74% des DPO affirment que le RGPD n'est pas encore correctement appliqué par les entreprises

Quelle vision ont les spécialistes de la protection des données de l'application du Règlement général sur la protection des données personnelles (RGPD) à l'intérieur des entreprises ? C'est la question qu'a posée l'association autrichienne Noyb, militante pour la préservation de la vie privée, à plus de 1000 délégués à la protection des données (DPO) internes et externes, des responsables de la protection des données et des consultants. Ils ont été sondés en ligne durant le mois de novembre 2023.

A noter que les professionnels travaillant en Irlande, Allemagne et au Danemark et dans des entreprises de plus de 500 salariés sont sur-représentés.

Le RGPD jugé moins important que d'autres textes ?

La majorité d'entre eux juge sans surprise que ce règlement a "considérablement amélioré" la manière dont les entreprises traitent les données personnelles.
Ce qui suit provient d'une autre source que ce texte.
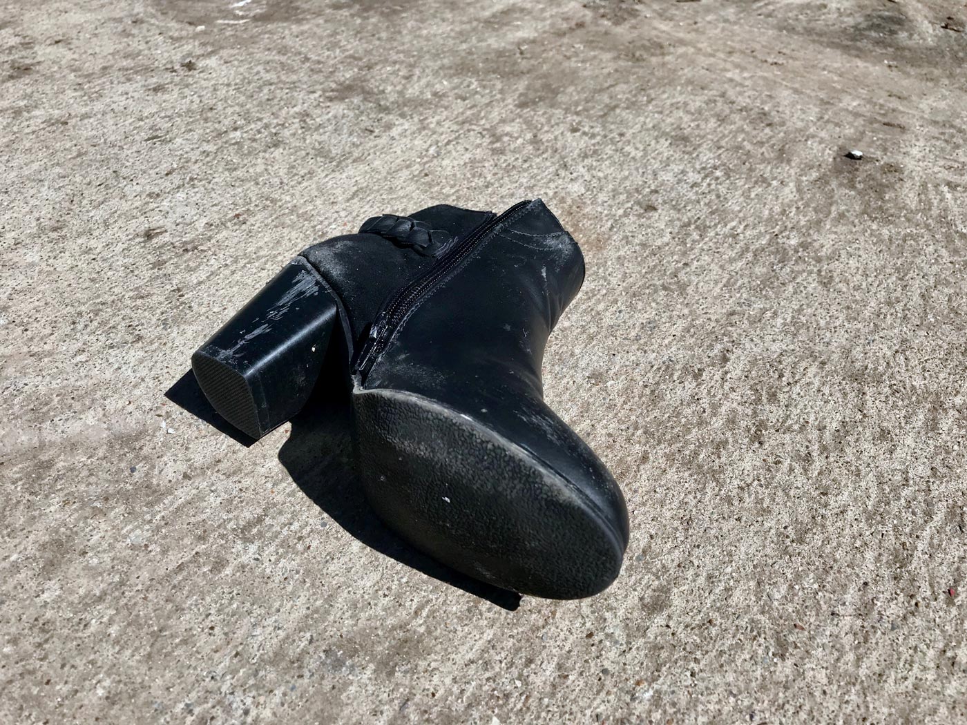 March 6, 2018 - Tuesday - Someone lost a shoe. This was in the parking lot and from the location I guess it was under a car. I don't know why lost shoes are so funny to me.

En revanche, et c'est plus inquiétant, 74% d'entre eux affirment que si les autorités compétentes menaient une enquête sur place dans une entreprise qui traite des données personnelles, elles trouveraient des "violations pertinentes". "De tels chiffres seraient inimaginables s'il s'agissait de se conformer à la législation fiscale ou à la réglementation en matière de sécurité incendie, a réagi Max Schrems, le président honoraire de Noyb. La non-conformité ne semble être la norme que lorsqu'il s'agit des données personnelles des utilisateurs."

En pratique, les participants ont été interrogés sur le respect du RGPD chapitre par chapitre. Des articles 5 à 11, portant sur les principes fondateurs du texte (principe de minimisation, obligation d'une base légale...), près de 50% des répondants ont déclaré que la plupart des entreprises avaient encore des difficultés à s'y conformer. Des articles 13 à 22, concernant les droits des personnes (accès, transparence...), près de 58% disent que les règles sont respectées. Pourtant, note l'association, la majorité des procédures porte sur ces dispositions. Des articles 24 à 55, qui concernent les responsables de traitement et les transferts de données, seuls 5% des interrogés déclarent que les entreprises les respectent pleinement.

La culture du "laissez-faire"

Globalement, les experts de la data protection sont 7,7% seulement à répondre que "la plupart" des entreprises sont conformes à 100% avec n'importe quelle disposition du RGPD. Noyb y voit une imprégnation de la culture du "laissez-faire".

Les spécialistes ont également été interrogés sur leurs liens entretenus avec les autres strates des entreprises dans lesquelles ils travaillaient. "La capacité des DPO à exercer leurs fonctions dépend, entre autres, de la facilité avec laquelle ils peuvent convaincre la direction, les autres services et les fournisseurs externes des changements nécessaires pour se conformer au RGPD", note l'étude. Elle conclut : "les résultats montrent clairement que, de manière générale, les DPO ont du mal à faire leur travail".

Difficile de convaincre le top management

Dans les détails, 38,5% des spécialistes disent avoir du mal à convaincre les plus hauts cadres dirigeants (top management) des changements à faire pour se conformer au RGPD. Les cadres supérieurs semblent être légèrement plus faciles à convaincre que les cadres intermédiaires. Concernant les fournisseurs, sans grande surprise, ceux issus de la région européenne sont beaucoup plus faciles à convaincre que les autres de l'importance de se conformer à cette législation.

Face à ces constats, Noyb a voulu interroger les DPO sur les axes d'amélioration possibles. Les amendes et autres sanctions ainsi que la perte de réputation sont les principaux facteurs qui poussent les entreprises à se mettre en conformité. Point également intéressant : les lignes directrices du European Data Protection Board (EDPB) se sont révélées être "le facteur le moins influent". Ils les estiment être "trop générales", "ce qui les rend inapplicables dans la pratique". Egalement, les décisions rendues par les autorités ou les tribunaux étrangers ne sont pas considérées comme ayant une influence pour 46% des répondants.

Pour conclure, l'association présente plusieurs suggestions. Elle appelle ainsi les tribunaux et les autorités de protection des données à "renforcer leur application" du RGPD, à adopter "des amendes élevées" et à publier leurs décisions. Elle juge également que les ressources financières, techniques et humaines de la plupart des autorités ne sont pas suffisantes pour contrôler efficacement et punir les violations du texte européen.